Alaska history filled with law and order on high seas

This 1907 photograph shows a little cub, carried as a pet on board the U.S. Revenue Cutter Bear, after he climbed up the ship’s rigging. The little guy appears to have a line tethered to the deck.
This 1907 photograph shows a little cub, carried as a pet on board the U.S. Revenue Cutter Bear, after he climbed up the ship’s rigging. The little guy appears to have a line tethered to the deck.

A “floating court” of sorts evolved when justice was meted out from the decks of revenue cutters beginning in the late 1880s. And Capt. Michael A. Healy, commander in the U.S. Revenue Marine (precursor to the U.S. Coast Guard), became the first revenue cutter commander to make regular patrols into the harsh Arctic waters. He was about the only source of law in a lawless land and transported criminals on board the cutter Bear from remote Alaska communities to Sitka for trial.

Healy began his 49-year sea career in 1854 at age 15 when he signed on as a cabin boy aboard the American East Indian Clipper Jumna bound for Asia.

The son of a Georgia plantation owner and an African slave from Mali, Healy quickly became an expert seaman. He requested and was granted a commission as a third lieutenant in the U. S. Revenue Marine from President Abraham Lincoln during the Civil War.

After serving successfully on several cutters in the East, Healy began his lengthy service in Alaska waters in 1875 as the second officer on the cutter Rush. He was given command of the revenue cutter Chandler in 1877. Promoted to captain in March 1883, he then was given command of the cutter Thomas Corwin in 1884. Finally, in 1886, he became commanding officer of the cutter Bear, taking her into Alaska waters for the first time. Here Healy remained until 1895.

He became a legend enforcing federal law along Alaska’s 20,000-mile coastline. In addition to befriending missionaries and scientists, he rescued whalers, Natives, shipwrecked sailors and destitute miners, according to the U.S. Coast Guard.

The captain often drove himself and his crew beyond the call of duty, as in 1888, when the Alaska whaling fleet was anchored behind the bar at Point Barrow to ride out a southwest gale. The wind veered to the north, and huge waves broke over the bar. Four ships broke apart and sank, tossing the ships’ crews into the icy waters. Healy and the Bear’s crew saved 160 whalers, Coast Guard records show.

Healy also assisted in serving the humanitarian needs and welfare of Native Alaskans through the introduction of reindeer to Alaska in order to replace the declining whale and seal populations, which were among the Natives’ primary food sources.

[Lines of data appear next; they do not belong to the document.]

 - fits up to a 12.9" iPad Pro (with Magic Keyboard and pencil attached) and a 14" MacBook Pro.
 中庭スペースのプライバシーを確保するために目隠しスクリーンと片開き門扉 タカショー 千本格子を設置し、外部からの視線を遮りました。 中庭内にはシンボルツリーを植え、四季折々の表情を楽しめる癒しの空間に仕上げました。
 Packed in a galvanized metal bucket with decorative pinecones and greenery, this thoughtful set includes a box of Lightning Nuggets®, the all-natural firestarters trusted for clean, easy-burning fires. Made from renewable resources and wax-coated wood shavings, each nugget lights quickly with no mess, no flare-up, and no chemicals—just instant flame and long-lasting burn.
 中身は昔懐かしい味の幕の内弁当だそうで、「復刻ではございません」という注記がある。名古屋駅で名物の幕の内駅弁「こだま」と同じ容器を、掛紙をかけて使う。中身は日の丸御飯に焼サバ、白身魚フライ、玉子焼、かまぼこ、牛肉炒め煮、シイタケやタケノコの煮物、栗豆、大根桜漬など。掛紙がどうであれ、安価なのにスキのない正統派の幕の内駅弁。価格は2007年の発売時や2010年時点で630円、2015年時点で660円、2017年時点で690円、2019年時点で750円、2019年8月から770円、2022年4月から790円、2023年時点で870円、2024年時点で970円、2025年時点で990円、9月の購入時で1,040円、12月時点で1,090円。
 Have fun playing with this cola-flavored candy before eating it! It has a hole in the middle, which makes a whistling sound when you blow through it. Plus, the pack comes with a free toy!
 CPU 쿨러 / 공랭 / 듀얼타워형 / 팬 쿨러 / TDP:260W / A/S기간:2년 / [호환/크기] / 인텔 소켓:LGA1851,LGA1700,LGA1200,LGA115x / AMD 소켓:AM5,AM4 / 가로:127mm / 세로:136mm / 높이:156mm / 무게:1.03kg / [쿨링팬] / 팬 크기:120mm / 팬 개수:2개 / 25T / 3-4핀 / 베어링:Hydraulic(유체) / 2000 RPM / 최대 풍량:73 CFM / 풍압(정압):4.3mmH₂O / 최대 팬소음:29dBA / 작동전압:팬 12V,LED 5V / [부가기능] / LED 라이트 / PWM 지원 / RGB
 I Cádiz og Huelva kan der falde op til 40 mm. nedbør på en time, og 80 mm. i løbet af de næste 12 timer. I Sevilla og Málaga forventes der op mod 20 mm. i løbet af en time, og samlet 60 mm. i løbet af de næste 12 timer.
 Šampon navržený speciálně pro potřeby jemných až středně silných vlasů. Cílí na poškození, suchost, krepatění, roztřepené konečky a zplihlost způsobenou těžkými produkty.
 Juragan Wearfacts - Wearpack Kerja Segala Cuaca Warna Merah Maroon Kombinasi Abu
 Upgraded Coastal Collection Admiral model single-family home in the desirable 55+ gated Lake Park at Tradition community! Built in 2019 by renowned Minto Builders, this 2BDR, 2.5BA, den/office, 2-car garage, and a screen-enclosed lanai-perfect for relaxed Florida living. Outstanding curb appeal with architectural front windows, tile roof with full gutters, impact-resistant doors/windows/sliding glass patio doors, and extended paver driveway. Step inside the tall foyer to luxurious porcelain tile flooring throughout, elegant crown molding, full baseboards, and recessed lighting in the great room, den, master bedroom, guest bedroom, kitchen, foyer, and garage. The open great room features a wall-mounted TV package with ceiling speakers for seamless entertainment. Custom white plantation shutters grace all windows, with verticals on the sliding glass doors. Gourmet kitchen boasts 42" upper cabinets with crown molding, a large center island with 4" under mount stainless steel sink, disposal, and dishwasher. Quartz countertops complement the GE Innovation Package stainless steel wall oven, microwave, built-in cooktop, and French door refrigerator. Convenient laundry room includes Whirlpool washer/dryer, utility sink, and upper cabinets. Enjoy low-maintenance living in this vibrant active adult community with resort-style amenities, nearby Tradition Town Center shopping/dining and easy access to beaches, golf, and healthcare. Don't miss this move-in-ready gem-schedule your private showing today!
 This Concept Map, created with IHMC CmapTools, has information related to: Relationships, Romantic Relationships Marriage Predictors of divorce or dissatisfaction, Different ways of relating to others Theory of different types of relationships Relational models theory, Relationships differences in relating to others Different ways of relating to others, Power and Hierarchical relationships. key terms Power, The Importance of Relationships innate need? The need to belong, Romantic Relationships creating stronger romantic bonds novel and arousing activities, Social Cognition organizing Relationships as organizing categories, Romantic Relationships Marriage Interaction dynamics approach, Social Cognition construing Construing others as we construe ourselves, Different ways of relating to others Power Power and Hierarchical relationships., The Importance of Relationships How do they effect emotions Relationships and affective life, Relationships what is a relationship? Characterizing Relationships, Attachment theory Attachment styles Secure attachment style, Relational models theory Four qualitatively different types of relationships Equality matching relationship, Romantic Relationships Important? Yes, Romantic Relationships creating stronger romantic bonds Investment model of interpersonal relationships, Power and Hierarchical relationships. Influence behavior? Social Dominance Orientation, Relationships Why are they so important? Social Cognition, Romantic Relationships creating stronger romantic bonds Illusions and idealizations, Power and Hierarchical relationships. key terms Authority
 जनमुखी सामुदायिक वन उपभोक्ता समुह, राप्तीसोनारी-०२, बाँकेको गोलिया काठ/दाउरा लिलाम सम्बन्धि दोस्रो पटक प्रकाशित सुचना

While serving as second-in-command of the Thomas Corwin as it searched for the lost exploration ship Jeanette along the Siberian coast in 1881, he noticed that the Chukchi people were able to sustain themselves by raising reindeer. In 1890, Healy used that knowledge to work with Dr. Sheldon Jackson and famous naturalist John Muir to import reindeer to Alaska.

At his own expense, Healy transported 16 reindeer from the Natives of the Siberian Coast to the Seward Peninsula. In 1892, another 171 reindeer were added to the herd and Teller Reindeer Station was established. More reindeer followed. These selfless acts and humanitarian efforts helped Natives continue their subsistence ways and probably saved many lives.

The captain was sidelined for a few years following a controversial court-martial conviction for “tricing” some of his crew, although the practice of lashing up deckhands with arms behind their backs and toes just touching the deck was legal punishment at the time.

Healy was given command of the cutter McCulloch in 1900 when the gold rush called for more cutters. He then spent his last two years of service on Alaska waters aboard the cutter Thetis and retired in 1904 at the mandatory retirement age of 64. He died the next year.

For his service to his country, the Alaska Native people and to their way of life, Healy was honored by Congress, the whaling industry, missionary groups and civic organizations on both the Atlantic and Pacific coasts. He earned the nickname “Hell Roaring Mike” for his forceful leadership and determination to succeed in all missions, whether military or humanitarian, and some say for his actions when under the influence of alcohol.

12 comments on “Alaska history filled with law and order on high seas

  1. What an interesting piece of Alaska history. So young to start and then hand bumps, but appears to have been for the good of all.

    • Children grew up fast and started working early back in the day, Marjory. I can’t imagine my son heading out on a career as a seaman so young!

  2. I spent my childhood and schooling in Kenai and regret we weren’t taught more fascinating Alaska history. You’re doing a great service with your books. They’re an education!